Una grasa. Protección constante en todo su rango operativo
Grasa de alto rendimiento para rodamientos en condiciones variables
Garantizar la disponibilidad y confiabilidad de sus activos críticos es una prioridad constante. Los objetivos de producción siguen aumentando. Las exigencias en eficiencia, seguridad y control de costos crecen con ellos. Cada parada no planificada implica menor producción y mayores costos.
Sin embargo, en la mayoría de las plantas, la relubricación frecuente se considera normal, la reposición periódica de rodamientos se acepta como parte del proceso, y el aumento de la actividad de mantenimiento se ve como el costo de mantener la producción en marcha. La mayoría de los equipos de mantenimiento se ha adaptado a estos patrones. La pregunta es si realmente es necesario.
Cuando los activos requieren atención constante y los intervalos de lubricación son más cortos de lo esperado, esto no necesariamente indica confiabilidad. Puede indicar que la estrategia de lubricación no está alineada con las demandas reales del equipo.

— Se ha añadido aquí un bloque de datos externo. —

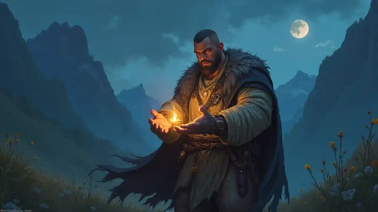 (Torso) Kiume stocky nzito kuweka kubwa fit kuhani na nywele fupi na ndevu, kifua nywele, akitoa uponyaji-mchawi nje ya mikono, katika bonde upepo usiku, njia ya, d & d mazingira, kuboresha kivuli ubora, rangi
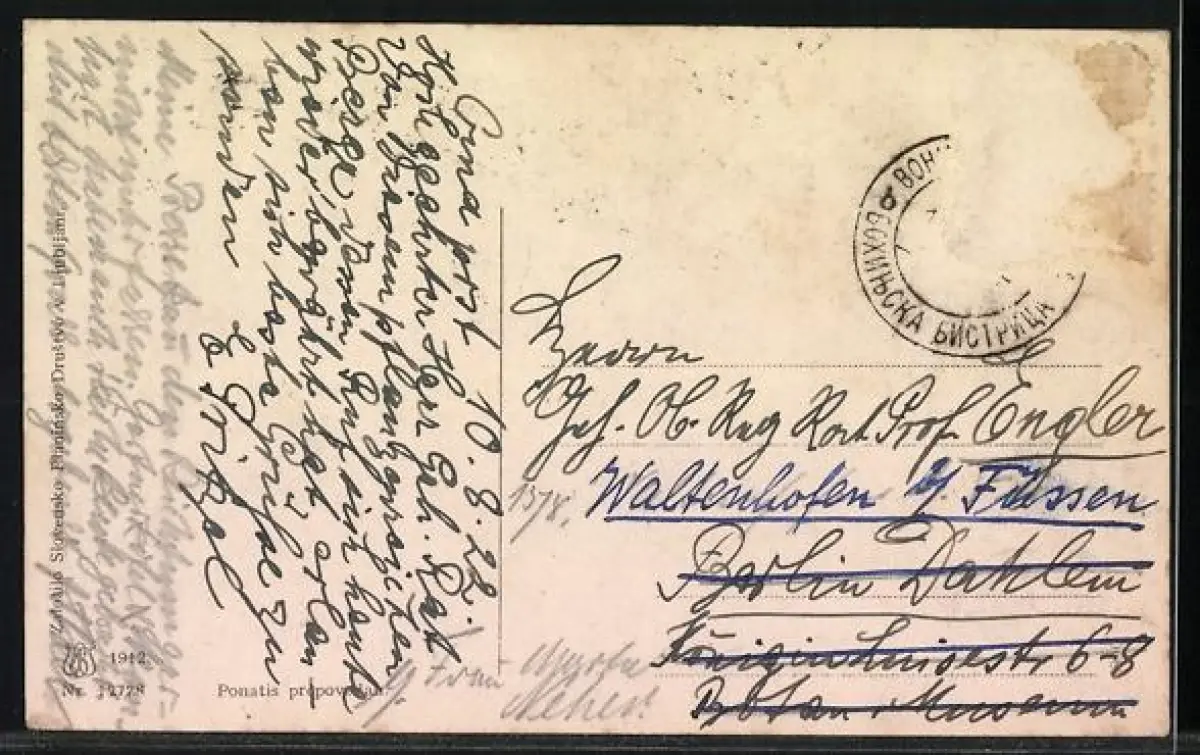 Personenbezogene Daten auf der Rückseite der Karte wurden durch blauen Textmarker unkenntlich gemacht. Die blauen Stellen sind auf die Vorderseite durchgeweicht und wirken sich negativ auf das Postkartenfoto aus
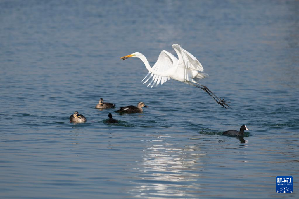 An egret forages at Fenhe river wetland park in Taiyuan, north China's Shanxi Province, Dec. 28, 2021. (Xinhua/Yang Chenguang)
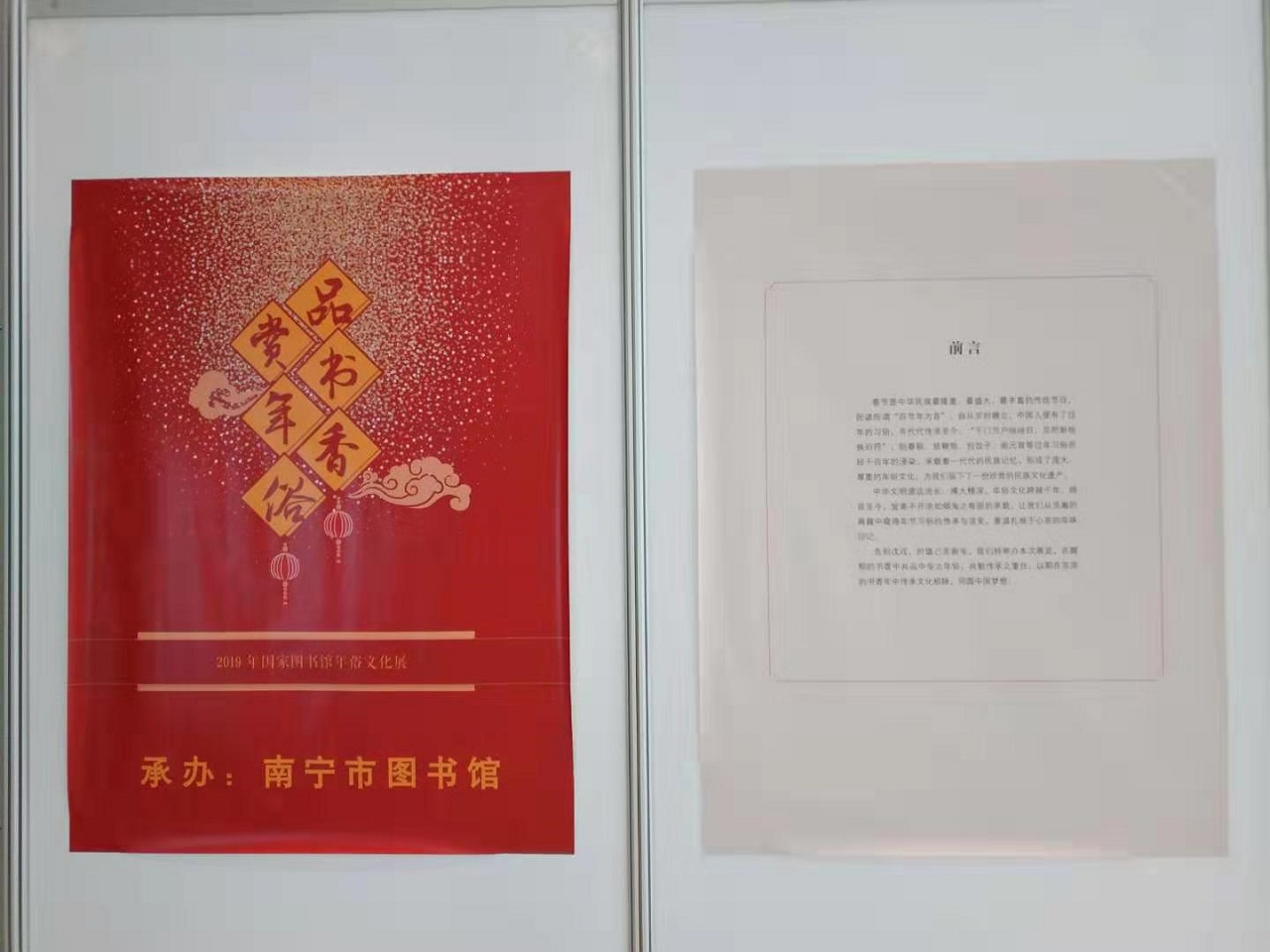 为使广大市民在馥郁的书香中共品中华之年俗,在浩瀚的典籍中窥得年节习俗的传承与流变,重温扎根于心底的年味印记,共勉传承之重任,2019年2月1日至3月30日,南宁市图书馆在一楼的城市客厅展区举办“品书香·赏年俗——2019年国家图书馆年俗文化展”展览活动,活动共展出31幅展品,为读者带来了中国人最为传统的年俗风貌。

La lubricación subóptima es uno de los factores más subestimados en la falla de rodamientos y en las paradas no planificadas en instalaciones industriales. Según SKF, el 56% de las fallas prematuras de rodamientos están directamente relacionadas con una lubricación deficiente, y entre el 15% y el 40% del gasto total de mantenimiento está influenciado por prácticas de lubricación inadecuadas. El costo no está en el lubricante en sí, que normalmente representa solo entre el 1% y el 3% del presupuesto de mantenimiento. Está en la mano de obra, los repuestos, la energía y la pérdida de producción que genera una mala lubricación. Ahí es donde está la verdadera exposición.
¿Reconoce estos síntomas en su planta?
Los síntomas más comunes de una estrategia de lubricación mal ajustada no son fallas dramáticas. Son patrones que se vuelven aceptados como normales: intervalos de lubricación más cortos que los especificados por el fabricante, ciclos de reposición de rodamientos recurrentes y algo predecibles, temperaturas de operación elevadas y en aumento gradual, y una demanda de mantenimiento que sigue creciendo sin una causa raíz clara. En conjunto, indican una estrategia de lubricación no alineada con las condiciones reales de operación.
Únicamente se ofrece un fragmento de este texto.